***** Information given *****
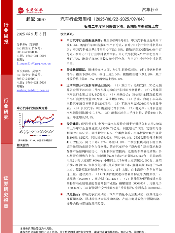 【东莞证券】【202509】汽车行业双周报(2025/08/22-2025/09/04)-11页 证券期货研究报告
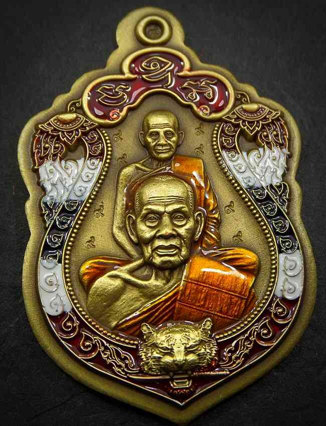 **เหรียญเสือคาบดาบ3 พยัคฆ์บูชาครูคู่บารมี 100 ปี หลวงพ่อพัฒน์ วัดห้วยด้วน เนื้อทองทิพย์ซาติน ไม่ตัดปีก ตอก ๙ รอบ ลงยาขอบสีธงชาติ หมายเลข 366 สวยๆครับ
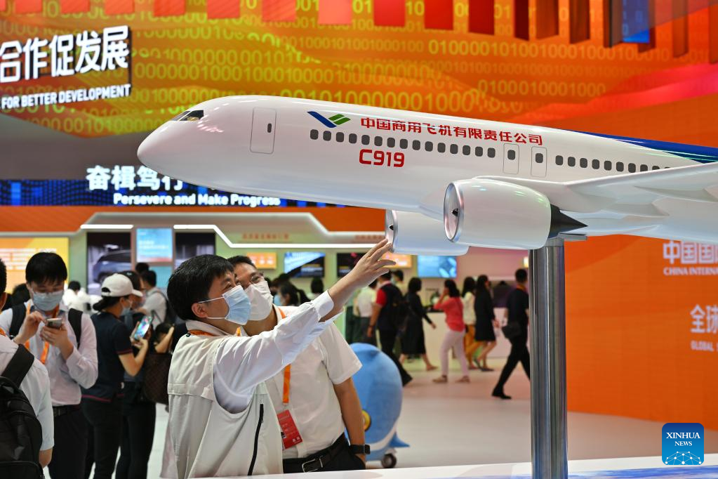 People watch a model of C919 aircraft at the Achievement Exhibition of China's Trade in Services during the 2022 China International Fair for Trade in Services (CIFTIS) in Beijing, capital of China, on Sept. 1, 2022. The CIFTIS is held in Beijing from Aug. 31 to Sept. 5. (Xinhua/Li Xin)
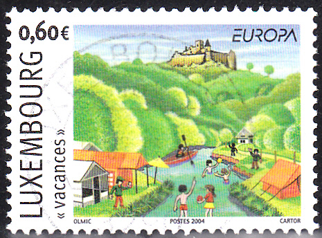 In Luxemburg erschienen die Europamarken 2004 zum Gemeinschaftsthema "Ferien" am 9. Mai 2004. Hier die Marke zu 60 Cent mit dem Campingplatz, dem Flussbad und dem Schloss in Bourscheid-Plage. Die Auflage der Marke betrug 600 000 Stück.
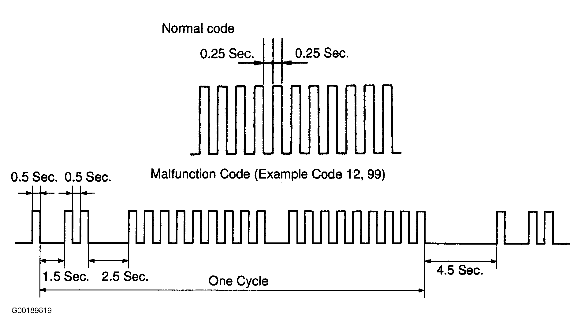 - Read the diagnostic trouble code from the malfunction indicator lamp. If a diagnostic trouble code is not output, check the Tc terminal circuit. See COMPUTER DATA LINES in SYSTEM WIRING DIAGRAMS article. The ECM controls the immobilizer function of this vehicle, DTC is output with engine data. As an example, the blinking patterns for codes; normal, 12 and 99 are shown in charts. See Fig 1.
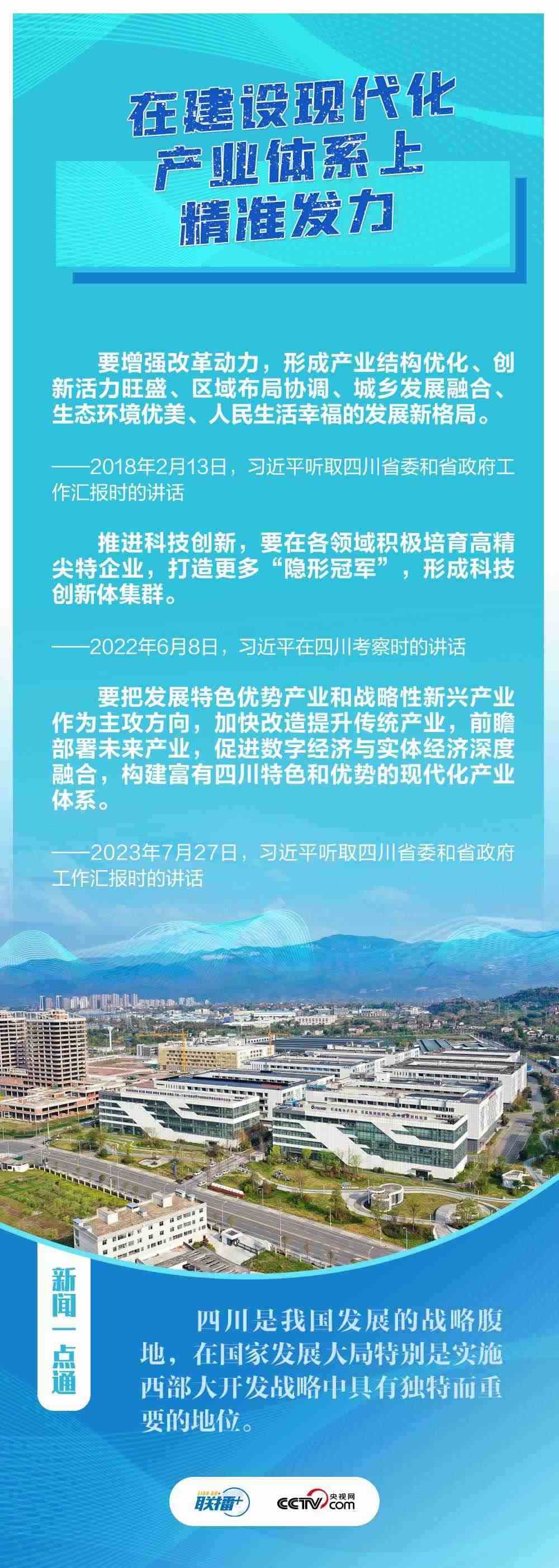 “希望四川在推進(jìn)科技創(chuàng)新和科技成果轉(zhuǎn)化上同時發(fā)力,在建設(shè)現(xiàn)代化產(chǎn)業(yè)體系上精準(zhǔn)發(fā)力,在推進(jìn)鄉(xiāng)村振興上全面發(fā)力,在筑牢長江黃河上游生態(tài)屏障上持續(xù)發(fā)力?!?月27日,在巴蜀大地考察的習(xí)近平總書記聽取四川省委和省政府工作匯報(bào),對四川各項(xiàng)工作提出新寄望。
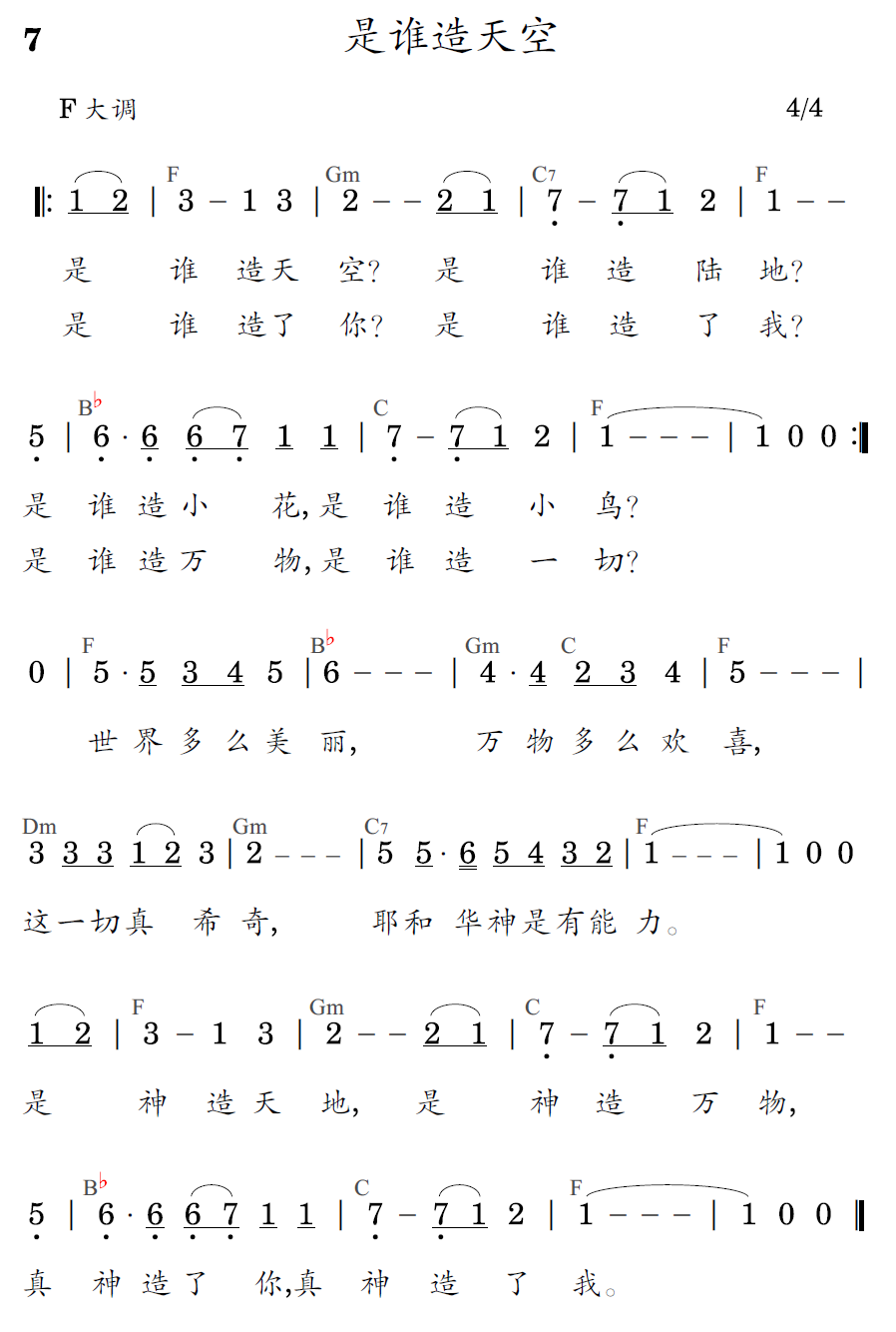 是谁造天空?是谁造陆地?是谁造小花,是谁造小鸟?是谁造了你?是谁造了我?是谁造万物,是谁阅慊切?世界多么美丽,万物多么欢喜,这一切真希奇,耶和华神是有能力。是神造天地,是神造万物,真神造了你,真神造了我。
*****
Retype each of the entries above exactly as it appears, with no pictures.

 【东莞证券】【202509】汽车行业双周报(2025/08/22-2025/09/04)-11页 证券期货研究报告
 **เหรียญเสือคาบดาบ3 พยัคฆ์บูชาครูคู่บารมี 100 ปี หลวงพ่อพัฒน์ วัดห้วยด้วน เนื้อทองทิพย์ซาติน ไม่ตัดปีก ตอก ๙ รอบ ลงยาขอบสีธงชาติ หมายเลข 366 สวยๆครับ
 People watch a model of C919 aircraft at the Achievement Exhibition of China's Trade in Services during the 2022 China International Fair for Trade in Services (CIFTIS) in Beijing, capital of China, on Sept. 1, 2022. The CIFTIS is held in Beijing from Aug. 31 to Sept. 5. (Xinhua/Li Xin)
 In Luxemburg erschienen die Europamarken 2004 zum Gemeinschaftsthema "Ferien" am 9. Mai 2004. Hier die Marke zu 60 Cent mit dem Campingplatz, dem Flussbad und dem Schloss in Bourscheid-Plage. Die Auflage der Marke betrug 600 000 Stück.
 - Read the diagnostic trouble code from the malfunction indicator lamp. If a diagnostic trouble code is not output, check the Tc terminal circuit. See COMPUTER DATA LINES in SYSTEM WIRING DIAGRAMS article. The ECM controls the immobilizer function of this vehicle, DTC is output with engine data. As an example, the blinking patterns for codes; normal, 12 and 99 are shown in charts. See Fig 1.
 “希望四川在推進(jìn)科技創(chuàng)新和科技成果轉(zhuǎn)化上同時發(fā)力,在建設(shè)現(xiàn)代化產(chǎn)業(yè)體系上精準(zhǔn)發(fā)力,在推進(jìn)鄉(xiāng)村振興上全面發(fā)力,在筑牢長江黃河上游生態(tài)屏障上持續(xù)發(fā)力?!?月27日,在巴蜀大地考察的習(xí)近平總書記聽取四川省委和省政府工作匯報(bào),對四川各項(xiàng)工作提出新寄望。
 是谁造天空?是谁造陆地?是谁造小花,是谁造小鸟?是谁造了你?是谁造了我?是谁造万物,是谁阅慊切?世界多么美丽,万物多么欢喜,这一切真希奇,耶和华神是有能力。是神造天地,是神造万物,真神造了你,真神造了我。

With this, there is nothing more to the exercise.